Heather Kaminsky has a passion for clay and a professional goal of solving one of the most complex challenges in oil sands mining. A materials engineer, Kaminsky is the NSERC Industrial Research Chair for Colleges (IRCC) in Oil Sands Tailings Management at the Northern Alberta Institute of Technology (NAIT). COSIA, the innovation arm of the Pathways Alliance, is one of the research partners. “By 2030, I want us to have a common solution for managing clay in tailings. I do think it’s possible to achieve it in that timeframe,” she says. 

This knowledge will help industry improve the environmental performance of the energy that Canadians use every day and could potentially have worldwide application. “Tailings management is a challenge in many mining industries globally,” Kaminsky adds.
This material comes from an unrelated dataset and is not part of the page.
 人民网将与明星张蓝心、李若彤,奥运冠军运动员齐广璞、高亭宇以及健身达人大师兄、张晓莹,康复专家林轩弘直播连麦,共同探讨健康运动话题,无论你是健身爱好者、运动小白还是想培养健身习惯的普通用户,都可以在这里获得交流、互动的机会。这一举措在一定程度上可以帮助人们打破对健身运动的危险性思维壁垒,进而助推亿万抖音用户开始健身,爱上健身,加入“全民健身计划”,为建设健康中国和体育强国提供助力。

Clay is a problematic component in fluid fine tailings – the clay and sand materials mixed with water that remain after oil sands mining. This mix is stored in tailings ponds where the clay and sand settle over time, while water rises to the surface. Most of the water is then recycled back into the extraction process.

Collaboration key

Kaminsky works with colleagues at NAIT and in industry to improve environmental sustainability in the oil sands through research and by testing innovative ideas and putting them into practice. “It’s so important to bring different people with different perspectives to the table to find solutions,” she says.

The end goal with tailings is to remove enough water and leftover minerals so that it becomes solid enough to support land reclamation. However, clay by its nature slows down the separation of solids from water and prevents tailings from consolidating quickly – often by years. Industry is looking for innovative ways to speed up this consolidation process so it can reclaim land faster and restore disturbed sites to a natural habitat sooner.

Pathways Alliance member companies have partnered with NAIT to develop solutions to address these types of challenges. “The consistency of fluid fine tailings in the tailings pond is comparable to chocolate milk,” Kaminsky explains. “Right now, commercially available technology and processes can get them to the consistency of chocolate pudding, but that’s usually not good enough for land reclamation purposes. We need to get them to chocolate bar consistency.”

Kaminsky’s work fills an important gap in industry’s understanding of tailings management by developing a better way to measure consolidation. “We’re all using different yardsticks,” she says. “From a technical perspective, what constitutes ‘good’? We need to agree on a common benchmark and common tools.”